Since the publication of your book, PUST has accused you of breaking promises and has objected to your depiction of them as “missionaries.” How would you respond to these charges? And how did you come to the conclusion that PUST is staffed by missionaries — as opposed to teachers who happen to be Christian?

The Christian evangelicals who founded, funded, and run Pyongyang University of Science and Technology (PUST) are there at the invitation of the regime, so there is nothing in my account of them that would surprise the North Korean government.

I call them missionaries not only because they are deeply religious, but also because all that I have read and observed about President Kim and my colleagues suggests to me that their long-term goal is to convert North Koreans.

PUST has a sister school in China called YUST (Yanbian University of Science and Technology) where most of the professors are also Christian. Although they are not permitted to “witness” on campus, some have invited students home for dinner and read Bible verses with them.

The cost of building PUST has been estimated to be $35 million, and its construction and continuing operations are almost entirely funded by evangelical Christians. The result is this: evangelical Christians from the United States, South Korea, and other countries around the world bankroll the education of many of North Korea’s future leaders, the sons of the elite, in cooperation with the regime, following its strictures. In return, they gain a foothold in a nation that is, to their minds, ripe for conversion.

How did you protect the identities of your students?

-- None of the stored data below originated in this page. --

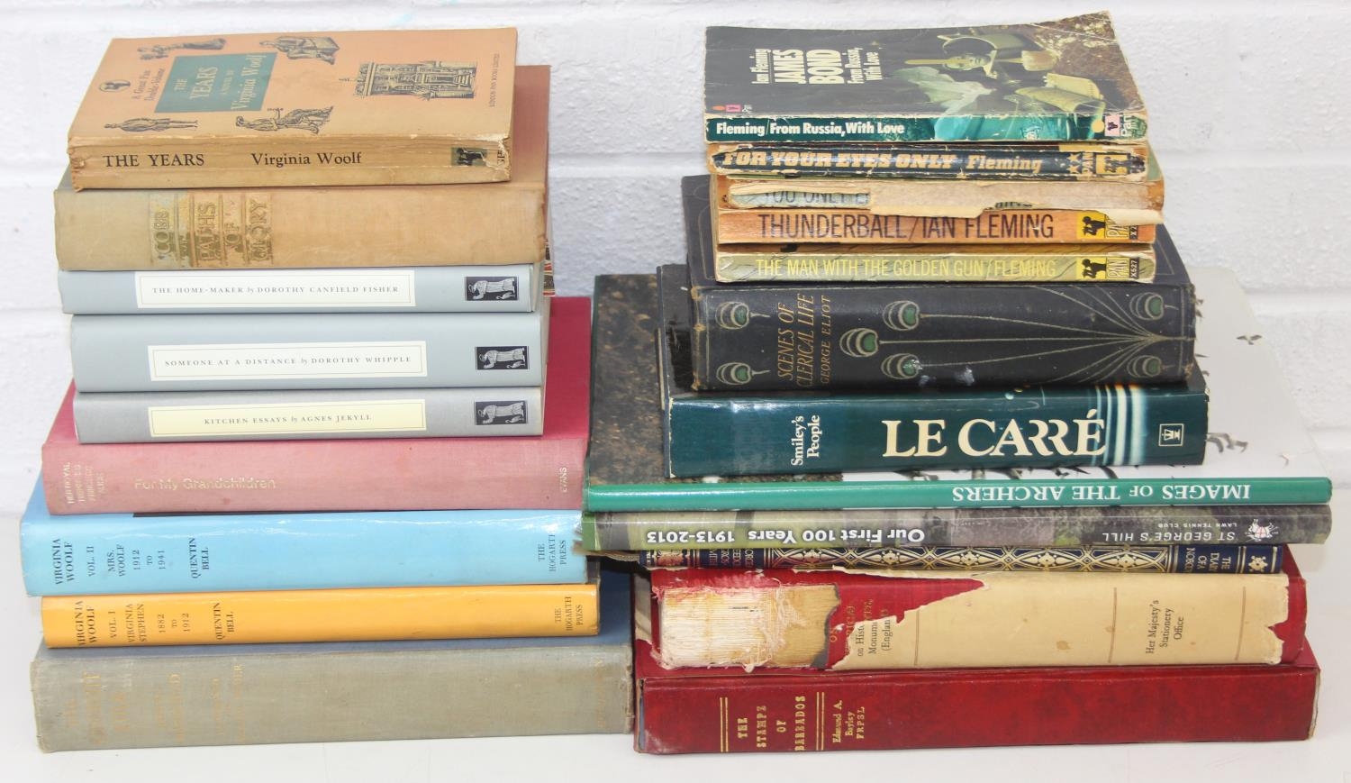 Five 1960's/1970's James Bond soft cover books published by Pan and various other books to include biography of Virginia Woolf
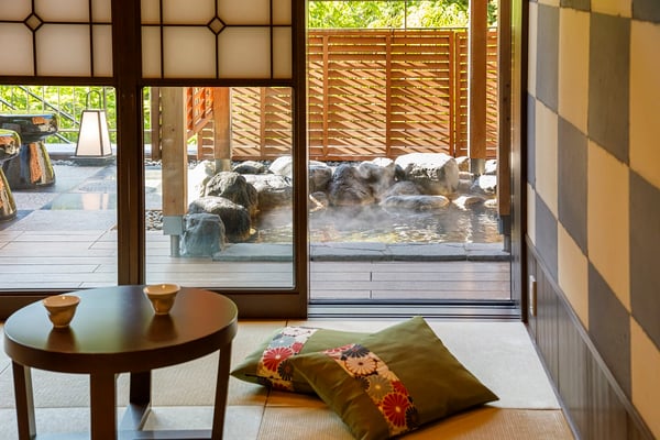 2~8階にある客室数が最も多い露天風呂付「標準客室」は、足が伸ばせるフラットな空間にベッドや座椅子などをレイアウトした和洋折衷のスタイル。窓からは渓谷の緑や外輪山の稜線が広がり、展望風呂で温泉に浸かれば、四季折々の自然が旅を彩ります。
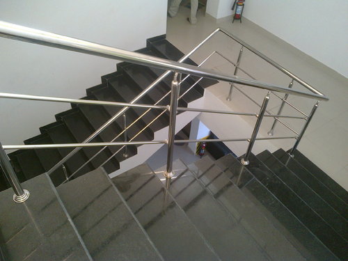 نرده استیل دو خط ( نرده استیل راه پله ) این نوع از نرده استیل از یک دستک در بالا و دو لوله در پایین به صورت افقی تشکیل شده است که با توجه به درخواست کارفرما پروژه انجام گردیده . مکان نصب نرده استیل در راه پله بوده و آلیاژ نرده استیل مذکور 201 ( به دلیل ارزان بودن نرده استیل )میباشد .

I do believe that a journalist has a duty to protect anybody who could be compromised by her reporting, and I did my best to protect my students. Not only did I change their names, I blurred their identities, even when it got in the way of portraying them as unique, and uniquely lovable, individuals.

Because of this, I am confident that they cannot be individually identified. In any case, as readers of my book will see, they were not rebels but obedient servants of the regime, so I doubt the regime would find anything in their behavior to censure.

Your first book, The Interpreter, didn’t cover North Korea. What originally got you interested in the country?

I’ve been obsessed with North Korea all my life. I was born and raised in South Korea and immigrated to the US when I was 13 years old. Members of both sides of my family were taken to North Korea during the Korean War and never seen again, so I was born into that sorrow.

The theme of separation, and losing home, is something I have always been haunted by, and it is all in my first novel, The Interpreter, also, which is about the brutal murder of the heroine’s parents and her world disintegrating overnight.

I immigrated to the US when I was 13 years old. It was not my choice since I was a child. I lost my home, my country, my language. Everything I ever recognized was gone instantly. The world disappeared and I was powerless to it. That’s perhaps also why I related to the Korean division.

This was a division that the people of Korea didn’t choose since the Korean War was really a Cold War between the Superpowers. Your entire life is forever changed because of it, with a huge side effect, and that is really at the core of the Korean division.

When I first went to North Korea, I recognized that loss, and I wanted to tell the human side of that tragedy. Like my grandmother who longed for the return of her son until the day she died, that entire generation of Koreans died missing someone they loved for decades, and I wanted their sorrow to be expressed, to be requited through finding a voice somehow.

The book is as much as about the division as it is about North Korea. And through that, I wanted the readers to empathize with that human sorrow and be moved enough to do something to help North Korea today.